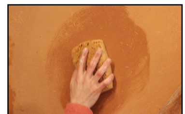
Étape 5 - une fois l'enduit sec, passage d'une éponge semi-humide afin de faire tomber les poussières de surface et faire ressortir le lin.
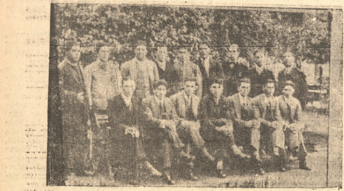
Delegación del Manuel Rodríguez de Lota que fué al sur en gira deportiva

Sección menores: El torneo interno de basketball comenzará muy luego, ciérrase a las inscripciones ya terminadas. Entre los chicos reina gran entusiasmo.
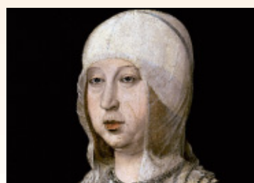
Don Carlos de España (1545-1568)

Tras la presencia de cartagineses (s. III a.C.), romanos (III a.C.-V d.C.), visigodos (V-VIII) y musulmanes (desde el VIII), se emprendió la reconquista que culminó con los Reyes Católicos y la unión de España (finales del XV). En el XIX se promulgó la primera constitución y un siglo después se proclamó la república, a la que sucedió la guerra civil, la dictadura de Franco y la democracia.
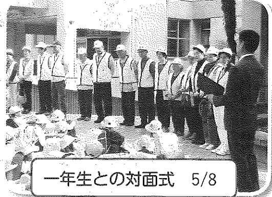
一年生との対面式 5/8
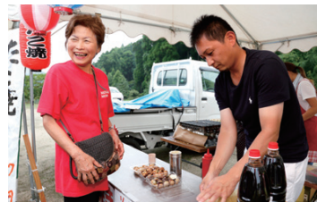
タコ焼きやから揚げ、焼きそばなどがテントの露天に集合!
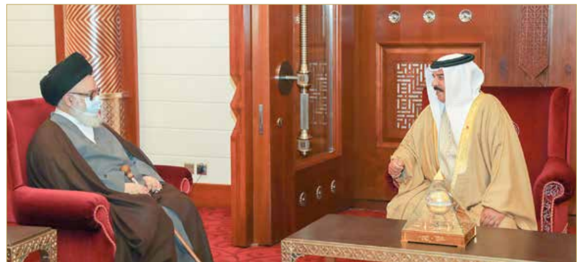
جلالة الملك مستقبلاً سماحة السيد عبدالله الغريفي

المنامة- بنا أعرب عاهل البلاد صاحب الجلالة الملك حمد بن عيسى آل خليفة عن تقديره للدور السامي لعلماء الدين الأفاضل في مد جسور التعايش وتأكيد القيم الإنسانية المشتركة والاعتدال بالإضافة لدورهم النبيل في خدمة الدين الإسلامي الحنيف ونشر تعاليمه السحاء والتوعية بثوابته القائمة على الاعتدال
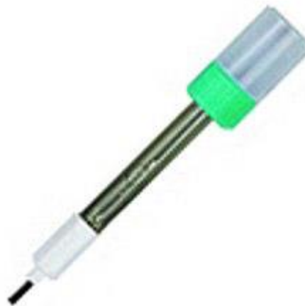
Hier ziet u de bij de zending behorende pH-elektrode voor de pH-meter PCE-PHD 1
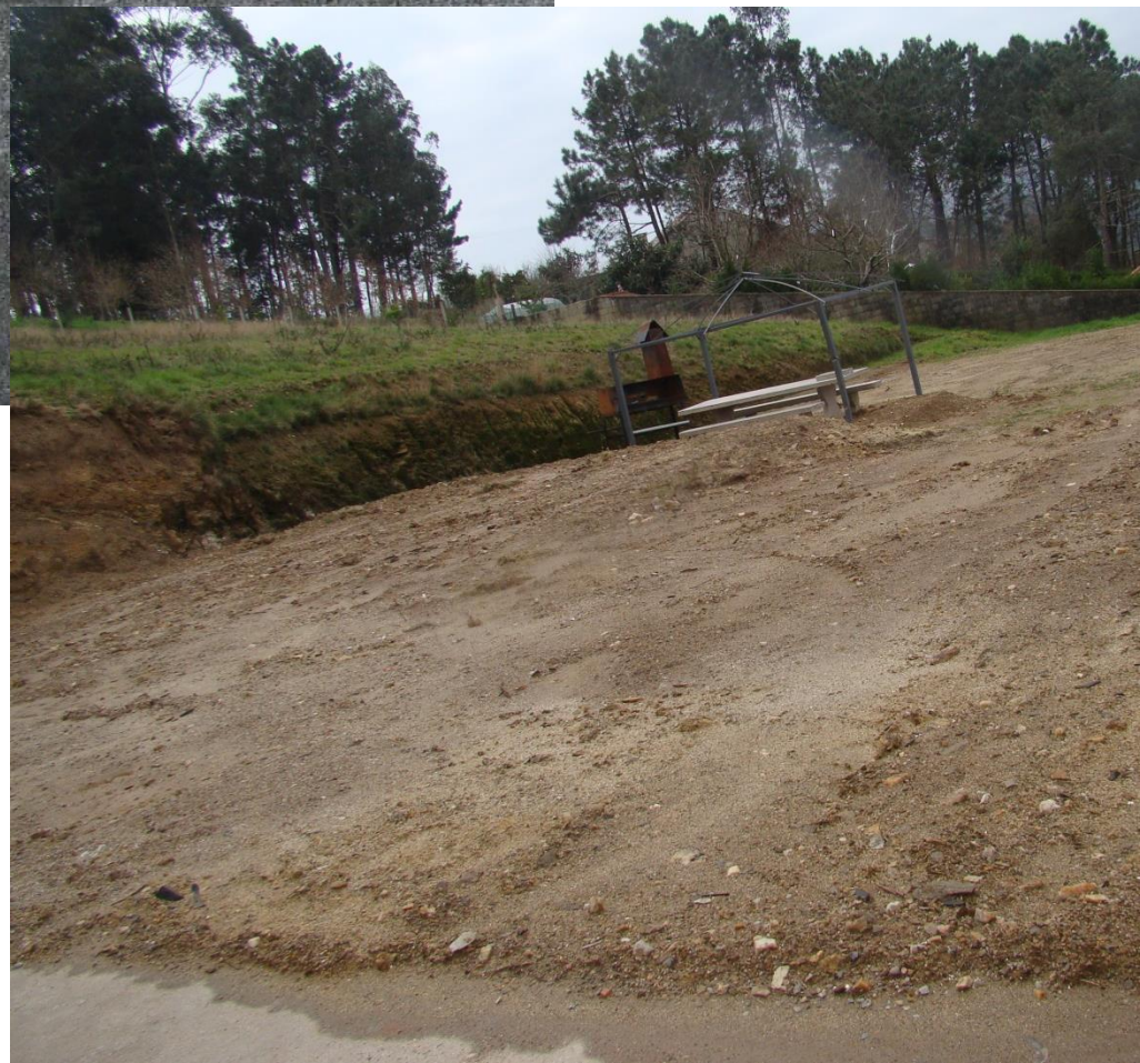
despois da demolición
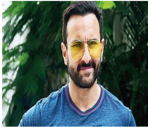
వృత్తి ధర్మానికి కట్టుబడాలా లేక కుటుంబాన్ని కాపాడుకోవాలా అనే సంఘర్షణ చుట్టూ ఈ కథ తిరుగుతుంది. ఈ చిత్రంలో సంజయ్ మిశ్రా, రసీక దుగ్గల్ వంటి ప్రముఖ నటులు కీలక పాత్రలు పోషించారు.

ఉందని హెచ్చరించారు. గతంలో తాను చేసిన వృత్తిపరమైన త్యాగాల వల్ల వ్యక్తిగతంగా ఎంతో నష్టపోయానని ఆయన ఆవేదన వ్యక్తం చేశారు. కరీనా కపూర్ తో వివాహం తర్వాత తైమూర్, జహంగీర్ పుట్టిన తర్వాత తనలో బాధ్యత పెరిగిందని సైఫ్ తెలిపారు. "ఈ వయసులో కుటుంబంతో గడవడం ఎంత ముఖ్యమో నాకు అర్థమైంది. ఉదయం 9 నుంచి రాత్రి 9 వరకు పనిచేసే పిల్లలు నన్ను ఇబ్బంది పెడుతున్నాయి. రాత్రి 11 గంటలకు ఇంటికి రావడం అనేది అసలు జీవితమే కాదు" అని ఆయన పేర్కొన్నారు. అందుకే 2022 నుంచి ఏడాదికి కేవలం ఒకే ఒక ప్రాజెక్ట్ చేస్తూ, మిగిలిన సమయాన్ని తన పిల్లలతో గడవడానికి ప్రాధాన్యత ఇస్తున్నట్లు వివరించారు. కాగా, 'కర్తవ్య' సినిమాలో సైఫ్ అలీ ఖాన్ ఒక పోలీస్ ఆఫీసర్ పాత్రలో కనిపిస్తారు. ఒక నేరాన్ని చేదించే క్రమంలో తన కుటుంబం ప్రమాదంలో పడితే, తన
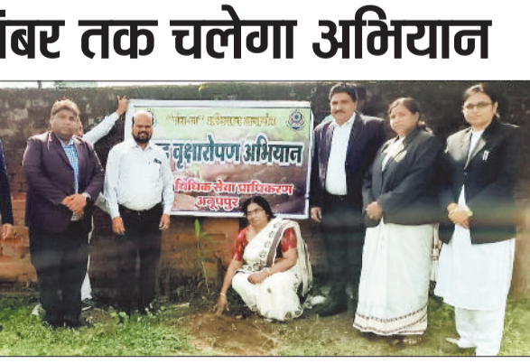
जिला न्यायालय परिसर में किया गया पौधरोपण।
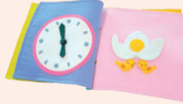
布絵本「まる」

●大活字本・朗読CD・布絵本など 小さな字を読むのが困難な方や、目が自由な方も楽しんでいただけます。
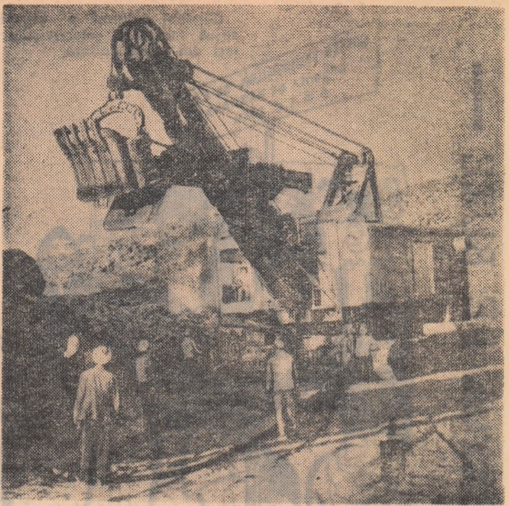
Utilaj sovietic pentru barajul de la Assuan
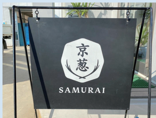
京葱 SAMURAI ロゴ

展示会に多数出店するなど「SAMURAI 九条ねぎ」のPRを積極的に行っておりますので、当社に興味のある方がいらっしゃいましたら、ぜひともお声掛けください。お待ちしております。
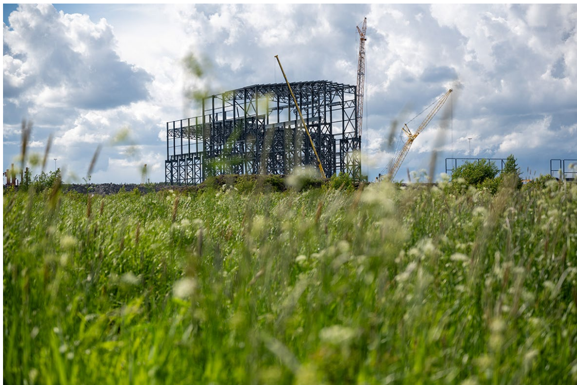
H2 Green Steels anläggning i Boden växer fram.

För berörda kommuner och regioner, och i förlängningen även för näringslivet, är det dessutom av största vikt inte bara att arbetskraft kan rekryteras, utan också att denna arbetskraft bosätter sig i närområdet. Långväga inpendling av arbetskraft, ofta kallad ”fly-in, fly-out”-arbetskraft, förekommer redan i dag i länen. Gällivare och Kiruna

################

**Task to carry out:** Look over the records above and copy each line that includes the string "SAMURAI".

**Solution:**
京葱 SAMURAI ロゴ
展示会に多数出店するなど「SAMURAI 九条ねぎ」のPRを積極的に行っておりますので、当社に興味のある方がいらっしゃいましたら、ぜひともお声掛けください。お待ちしております。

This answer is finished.